I did not call Reed, etc. dilettantes. I said "Reds" portrayed them as dilettantes. As to who am I, if you want to get personal, I have several family members assassinated, died in prison and shot for their left wing activities and I personally have taken my share of persecution from Western imperialism. Still, what does that have to do with my observations. Does one have to have been a former president to criticize Clinton?


> > Very noble. Loyalty to some one who was not loyal.
> > One has a responsibility to choose one's friends
> > carefully. Friendship
> > and debts, unlike family, are made by choice and not fate.
>
> More unwisdom of the ages. Debts are often not incurred by
> choice.
>
> As for nobility, self-righteousness is no less a moral pretense.
> The abiding sin of the campus left in the U.S. from the 60's to
> presently is that of self-righteousness. Moral judgement is more
> faulty, the greater the distance in time and place. My own
> little form of penance is to try and exercise restraint in this
> regard.
>

Typical rationalization of a leftist who ran out steam. Who is being self-righteous? It is simple logic that a personal debt cannot be use to amortize a social wrong.


>
> > In the Chinese revolution, many families were split
> > along political
> > lines. Sons angainst fathers, brother agaianst brothers
> > If Beatty owed Kazan, then Beatty's posture was merely
> > self defense rather than noble.
>
> WB needs no self-defense now. So his gesture to Kazan cannot be
> explained on that basis.

It certainly cannot be explained on your basis. Why doesn't Beatty need self-defense now? Money cures all?


>
> > > I was fascinated to note the audience reaction. ...
> >
> > What you noticed was the televised rebirth of the
> > UnAmerican Committee.
> > The night of the living death of McCarthyism. . . .
>
> This is simple hysteria.

I suppose you would call it the great healing process. It's hysteria to see a right wing resurgence?
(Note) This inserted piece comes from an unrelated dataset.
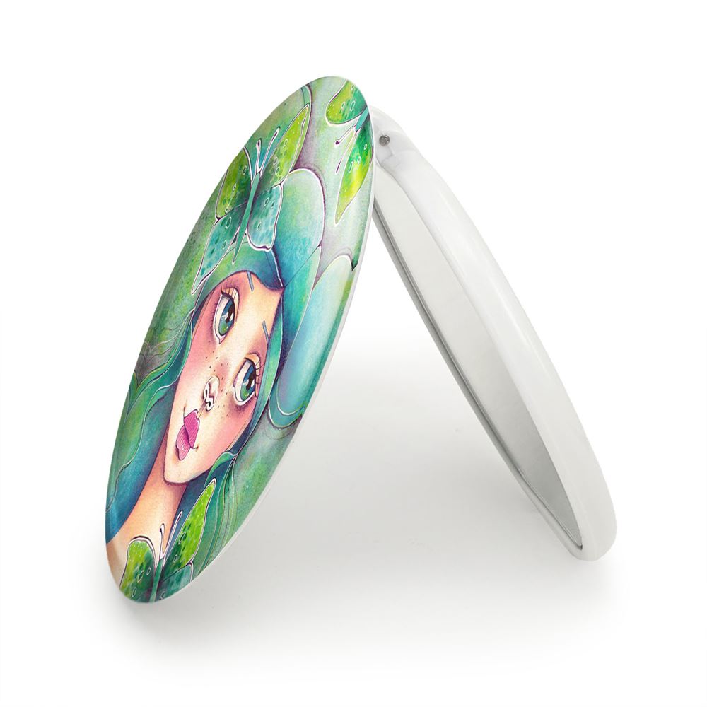 آینه های تاشو دخترونه خندالو، از جنس پلاستیک فشرده ABS تولید شده و به رنگ سفید می باشد. یکی از آینه ها ابعاد واقعی را نشان داده و دیگری با قابلیت بزرگنمایی، جزئیات را بهتر نمایش می دهد.

> > Max, you are too soft on Beatty whose Hollywood liberalism is
> derived
> more from guilt than from faith. Beatty used his bogus political
> capital for an evil purpose to get out of Faustian corner.>
>
> I've never stopped being amazed at the Internet's predilection
> for rendering instant long-distance moral judgements, garnished
> with 50 cents of amateur psychology, on perfect strangers.
>

This is really a stupid rebuttal to two perfectly straightforward sentences. You are the one who used the internet to defend the indefensible to perfect strangers in the first place . Morality has nothing to do with personal intimacy. If as clear a case as Kazan's needs more understanding before judgment, then everything is moral. All I accused you of is being soft. Must have touched a deep nerve.